I have to confess, it is difficult to choose movies for this project, because the horror movies I love are located at polar opposite ends of the camp-art spectrum, and the stuff in the middle -- which strikes me as more popular -- doesn't interest me very much. Angel Heart is on the classier, artier end of the spectrum. It's beautifully executed. It is visually rich, well paced, and the story -- which appears at first to be a convoluted knot -- unfolds cleanly and beautifully. Is it a mystery? A thriller? A horror movie? It's all three of these, and I'm not sure which should be the main classification.
Angel Heart was directed by Alan Parker whose body of work includes The Wall, Mississippi Burning, and Fame. He's not exceptionally prolific, but it appears that like Kubrick, he'd like to try his hand at every genre. And he might have succeeded better than Kubrick, come to think of it. His direction is heavily stylized but nearly invisible, except in the most suspenseful scenes, when he's trying to evoke a reaction from his audience. Yes, it takes you out of the movie, but this is still masterful work.
As impressed as I am with Parker's direction, I think the players are at least as interesting. I've never been a fan of Mickey Rourke, but he does a nice job with Angel, portraying him as an uncultured (but very intelligent) plebeian ("I'm from Harlem," he keeps saying, as if it's an apology). I also liked seeing Charlotte Rampling as the fortune teller. She keeps showing up in movies I like, rarely in large roles, but always in memorable ones. De Niro finds the right note for Cyphre; he doesn't have to stretch to accomplish the character, but (and if you've seen the movie, you'll understand) it would have been an easy opportunity to blow.
It might have been possible, in 1987 when the movie came out, to ignore the big controversy surrounding Angel Heart, and in particular, Lisa Bonet. I don't think I can get away with that now, though. Bonet plays Epiphany Proudfoot, the voodoo priestess. She'd just left The Cosby Show to star in her own spin-off sitcom, A Different World, and her role in Angel Heart feels like a declarative statement: "I've grown the hell up, and I'll do what I damn well please." What she damn well pleased, apparently, was getting permanently fired from The Cosby Show in 1991 for being unprofessional. I've skipped the point I was trying to make, though: Bonet and Rourke have an incredibly explicit sex scene so graphic that the MPAA required it to be cut by several seconds to obtain an R rating.
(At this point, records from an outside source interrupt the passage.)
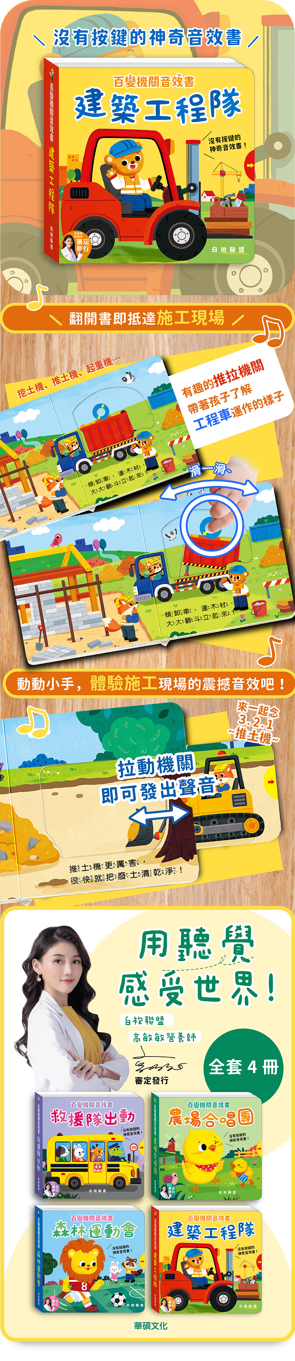 每個頁面內建巧妙機關,拉一拉、推一推,就能聽見逼真的工程車聲音,感受工地的震撼場景!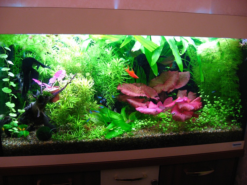 Отличный аквариум, аж жаба давит). У меня эхинодорус уругвайский загнулся, нимфея тоже. Зато криптокорина устериана и валиснерия прет как на дрожжах. Первая уже подзаколебала, раздаю ведрами.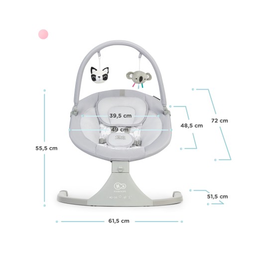 - Bujaczek ma 12 wbudowanych piosenek oraz możliwość ustawienia prędkości bujania na 5 poziomach.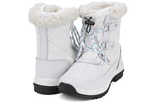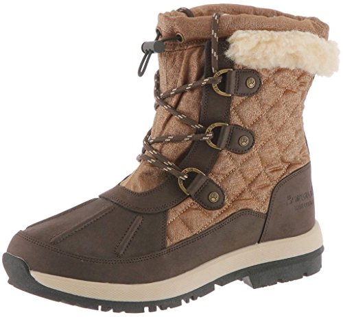 The 6.5'' tall Bethany boot is waterproof made with Nylon/PU upper. It's so cute and fun, you won't want to wait for the snow to wear them! Wool blend collar and lining with sheepskin footbed. Material: Nylon, Polyurethane.Feature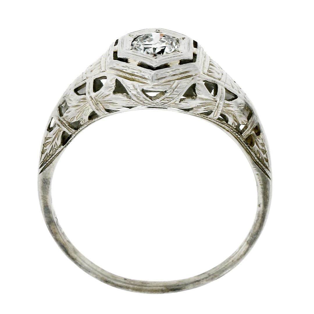 An antique solid 18k white gold filigree ring, with 1 old european cut natural diamond (G- VS1; 0.26ctw). The ring is size 8.0, weighs a total of 2.4 grams, and measures 9.60mm wide.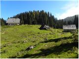 From the marked parking lot at mountain pasture Blato go back a few 10 steps, then take the wide and initially quite steep cart track in the direction of mountain pasture at Jezero. After 10 minutes of relatively steep ascent, you reach a marked crossroads where you continue along the left steep cart track (straight mountain pasture in Laz), only to be joined a little higher by the marked path with mountain pasture Vogar. Continue along the wide, partly rocky cart track, which is laid down transiently higher up and then climbs steeply through a small hairpin bend. Just ahead, the path bends sharply to the left and leads into a cold valley called Pungrat, where it crosses an abandoned pasture fence. The path ahead starts to climb steeply again, then turns to the right and lays completely flat. Just a few metres further on, we join the path with mountain pasture Vodični vrh on our left, and we continue straight on and after 5 minutes of further walking we arrive at mountain pasture near Jezero, in the middle of which stands a mountain hut.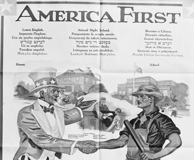 America First poster, c. 1911. Photograph by Harris & Ewing. Library of Congress, Prints and Photographs Division.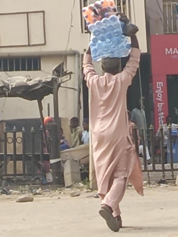 In Fagge A, Nigeria, a male individual is depicted walking away from the viewer on an unpaved, dusty path. He wears a light-colored, long-sleeved tunic over trousers and a patterned cap. Both arms are raised to stabilize a load carried on his head, consisting of two distinct bundles of plastic bottles. The lower bundle contains bottles with light blue contents/caps, while the upper bundle contains bottles with orange/red contents/caps, topped by a dark, amorphous object. To the left, a makeshift shaded structure with a corrugated roof is supported by wooden poles, partially obscuring a dark metal fence. Behind this fence and structure, several individuals, including children, are partially visible. To the right, a vertical red sign displays partial white text, including "Enjoy bett" and "MA." Light-colored buildings are visible in the background. The scene is illuminated by bright daylight.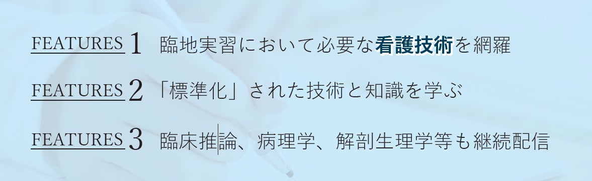 本サービスは看護学生の臨地実習や授業に役立つように、下記のような3つの特長をもって看護を学ぶ学生にわかりやすく完全設計されています。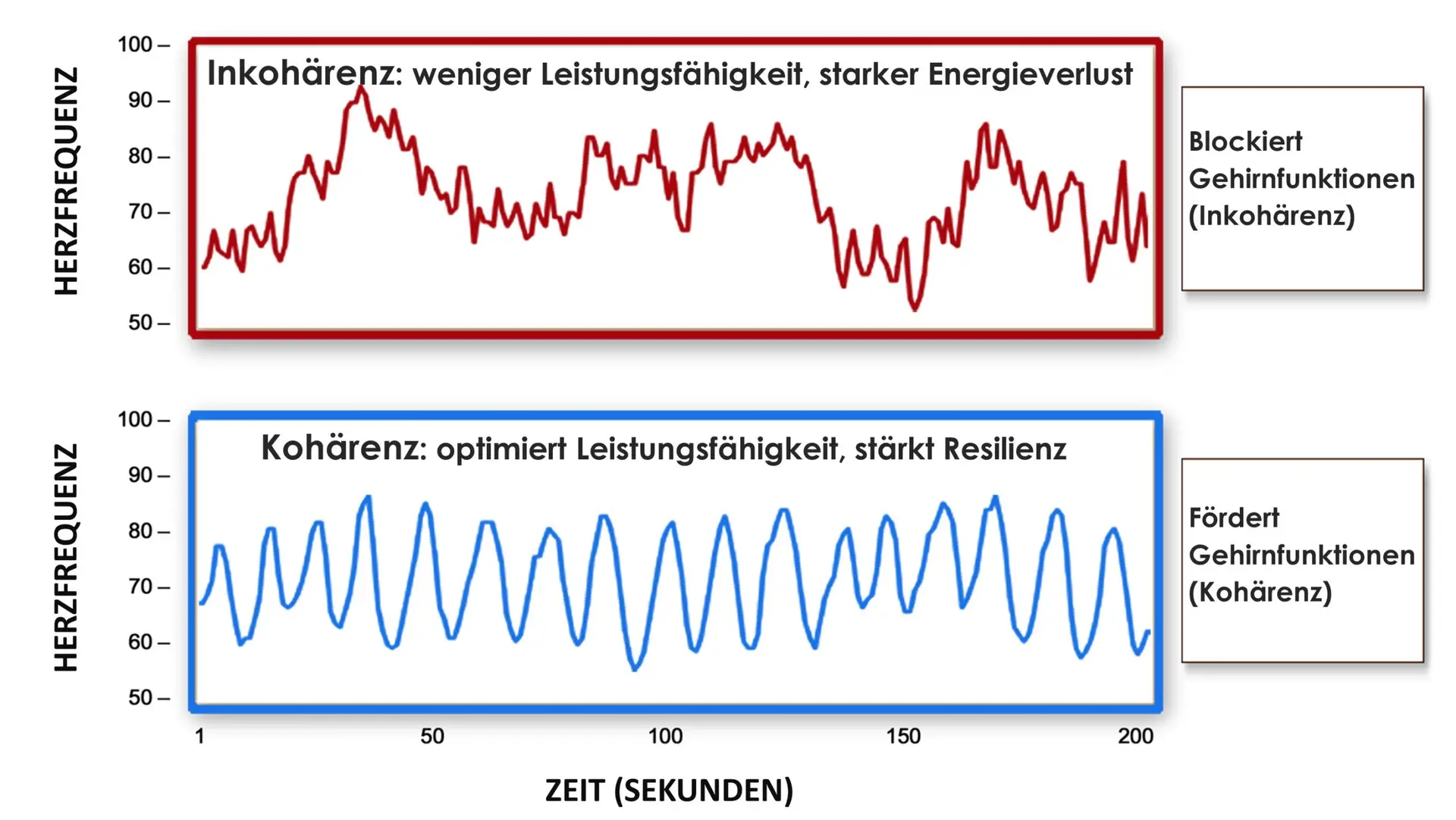 Diese Form der Atmung bringt das Herz in einen kohärenten Zustand, was bedeutet, dass Herz, Gehirn und Nervensystem im Einklang arbeiten – ein Zustand, der als optimal für körperliche und emotionale Gesundheit gilt.
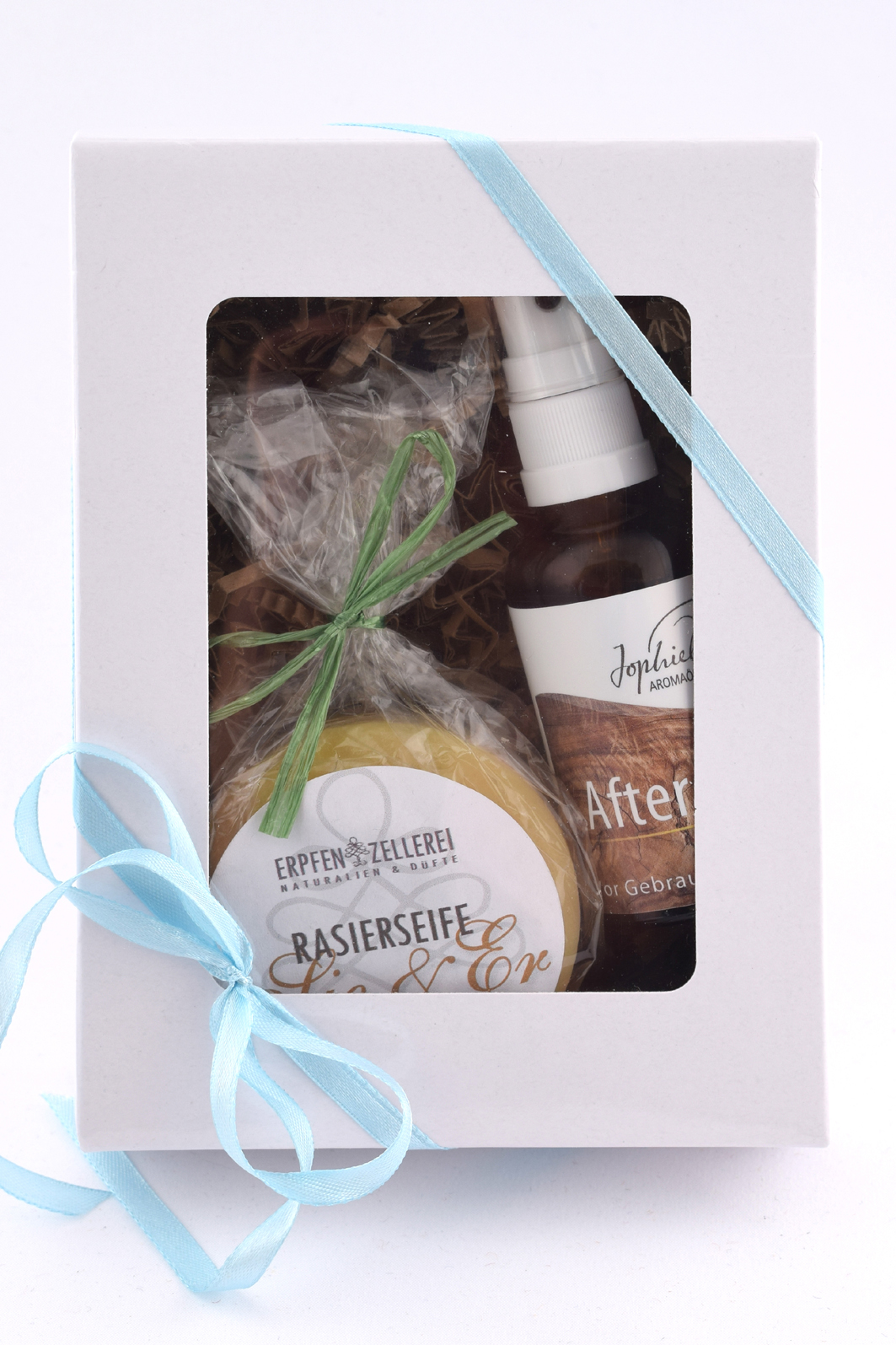In diesem zweiteiligen Geschenkset sind eine Ziegenmilch-Rasierseife & ein After Shave als Set im attraktiven Geschenkkarton mit Sichtfenster verpackt.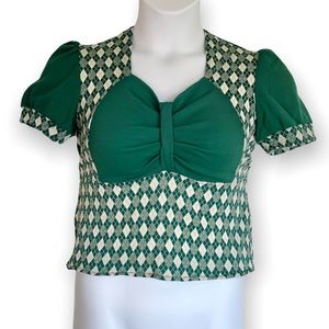 Vintage 70s? Stretchy nylon knit crop top. Green, white, & yellow argyle plaid print with rib knit green color block panels at sleeves and bust. Gathered bust. Ties in the back. In great vintage condition, does have a small area where the hem has come out (see photo).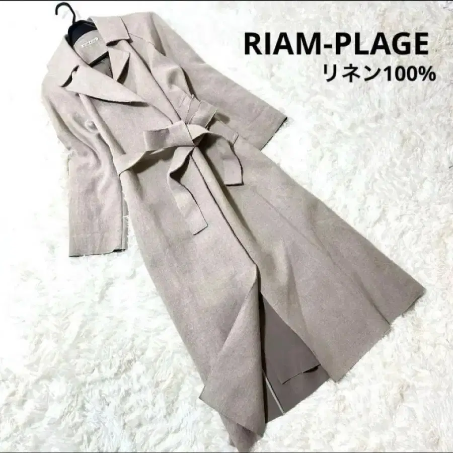 RIAM-PLAGE 린넨 100% 롱 코트 베이지 벨트 포함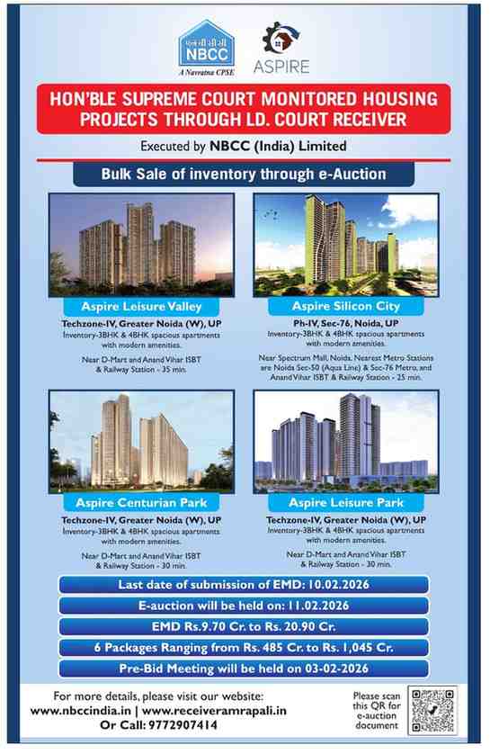 Officials said the Supreme Court monitored sale through the Court Receiver ensures transparency and legal clarity in the transaction process which is expected to boost buyer confidence and attract institutional participation. Real estate market experts said the bulk sale of Aspire Group inventory by NBCC is likely to create renewed interest in the Noida and Greater Noida housing market and could improve liquidity for stalled and legacy housing projects in the NCR region.

This was well known by the time the film was released, and the controversy probably filled quite a few theater seats. Bonet's career took a nosedive after that, mostly because she'd been branded as unreliable by Cosby's producers, but the performance she delivers here is raw and powerful, and something of an accomplishment, in a way that has nothing to do with being naked on film.
Elizabeth Berkeley might've learned a thing or two from Lisa Bonet, but apparently did not. Not that we'll be talking about Showgirls anytime soon. That one doesn't count as a horror movie, unless you were involved in financing it.